The business case we worked on this weekend revolved around a company name True Fruits, which brought the smoothie to Germany. Essentially when they started no one in Europe knew what a smoothie was, yet today they are the biggest player in smoothies. The question we were asked to present on was whether it was time to expand internationally, and if so what the ideal markets would be to expand into.

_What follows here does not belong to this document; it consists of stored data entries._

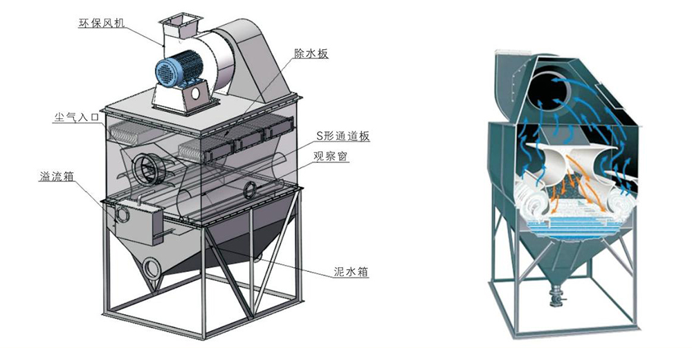 本設備主要由凈化箱、泥水箱、風機底蓋、擋水板、“S” 形板、自動補水箱、排污閥及風機等部分組成。含塵氣體由進風口進入凈化室,氣流轉彎向下沖擊于水面,部分較大的塵粒落入水中。當含塵氣體以18~35m/s的速度通過上、下葉片間的“S"形通道時,激起大量的水花形成一道水簾,使水、氣充分接觸,絕大部分微細粉融入水中,使含塵氣體得以充分凈化。凈化后的氣體經檔水板去除水霧后經風機排出。灰塵所形成的污泥沉積在除塵器底部,定期清除。箱內的水不斷循環(huán)使用,蒸發(fā)損耗的水由自動補水箱內的浮球閥進行補充,保持水位的恒定。
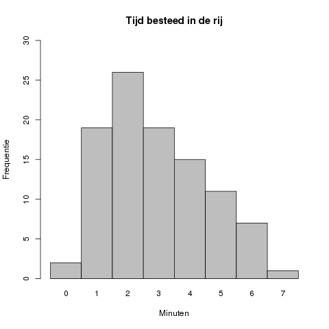 In dit geval ligt de piek van de grafiek bij #2# minuten, met een geobserveerde frequentie van #26#.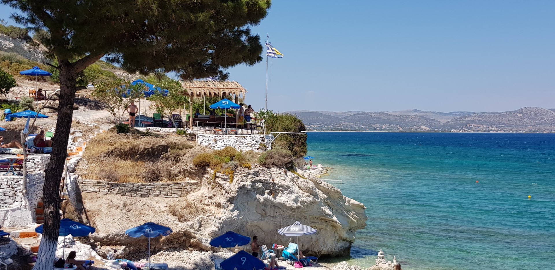 Ο Κώστας Μουστάκας ερωτεύτηκε (… σφόδρα) τη Σαμιώτισσα Μαρία, κόρη του θρυλικού παπα Νικόλα, εφημερίου του χωρίου Παγώδνα της Σάμου. Ο παπάς (… ιδιαίτερα χαρισματικός) είχε ένα καλυβάκι στην άκρη των βράχων για να αγναντεύει το απέραντο γαλάζιο. Σε αυτό το καλυβάκι επένδυσαν τα όνειρά τους οι νέοι τότε Κώστας και Μαρία και από το 1993 προσφέρουν τα πιο νόστιμα φαγητά (… κεφτεδάκια μαμαδίστικα, ομελέτες, γύρο σπιτικό και μαγειρευτά κάθε μέρα) δροσερούς καφέδες και αναψυκτικά στους πιστούς τους παραθεριστές.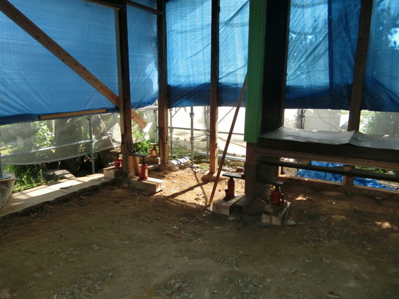 長さがそれぞれだった独立柱は切り揃えられ新たな土台が入り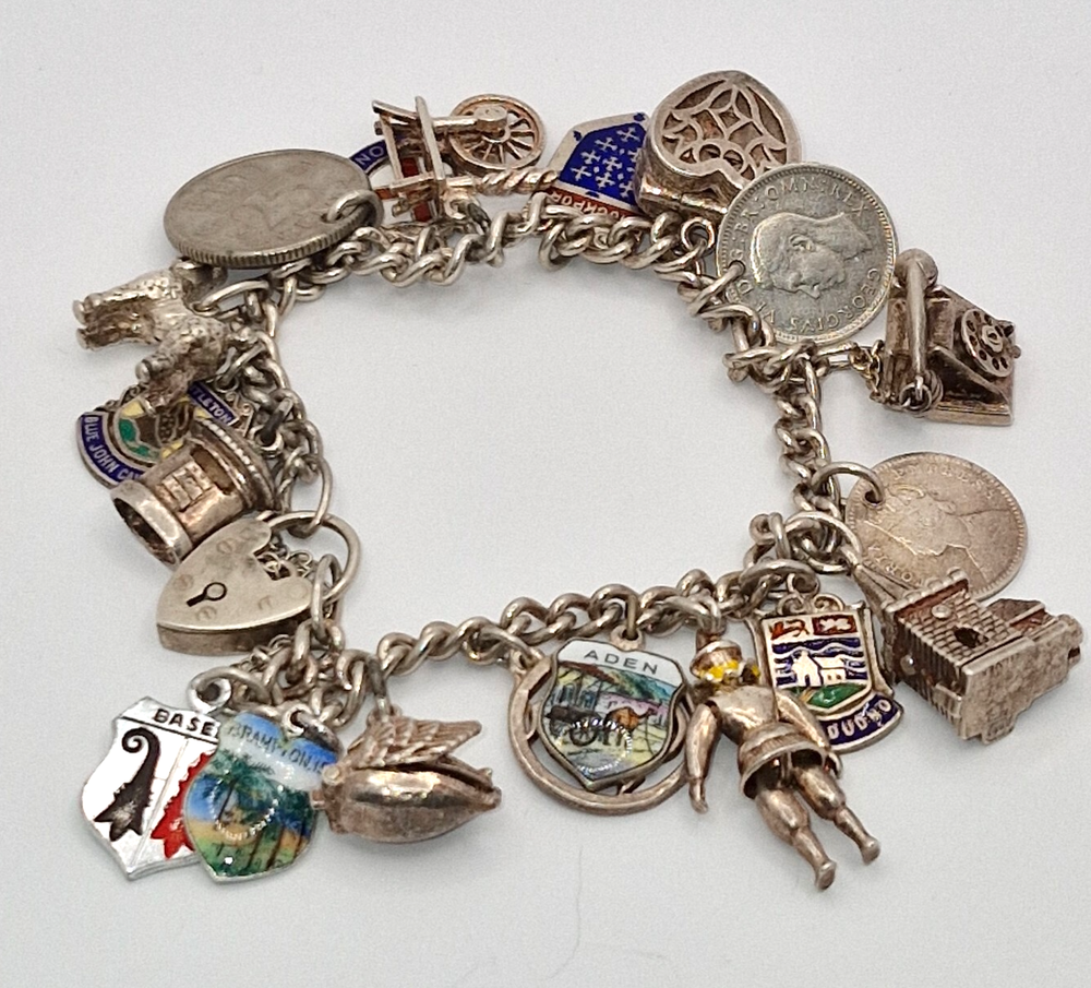 This vintage charm bracelet is absolutely stunning! The 19 unique charms are full of intricate details, from the swan that opens to reveal a fairy to the playful articulated clown. The solid sterling silver feels substantial and high-quality, with each charm telling its own little story. The mix of letters, coins, and shields gives it a timeless, eclectic charm. Perfect for layering or wearing alone—it’s a true conversation piece!

To see the exact case click me.

Now just as important as the final result is the way my team came about our recommendations. Very early on our team’s strategy revolved finding the core question, which in this case was if and how True Fruits should expand its market internationally, and building a story around it. In order to build that story I structured the major questions in the case almost

We first started off with why now was the right reason for the company to expand. Much like how this company picks its fruit at the ripest point, the European Smoothie Market was ripe for the picking. This explained why expansion was necessary.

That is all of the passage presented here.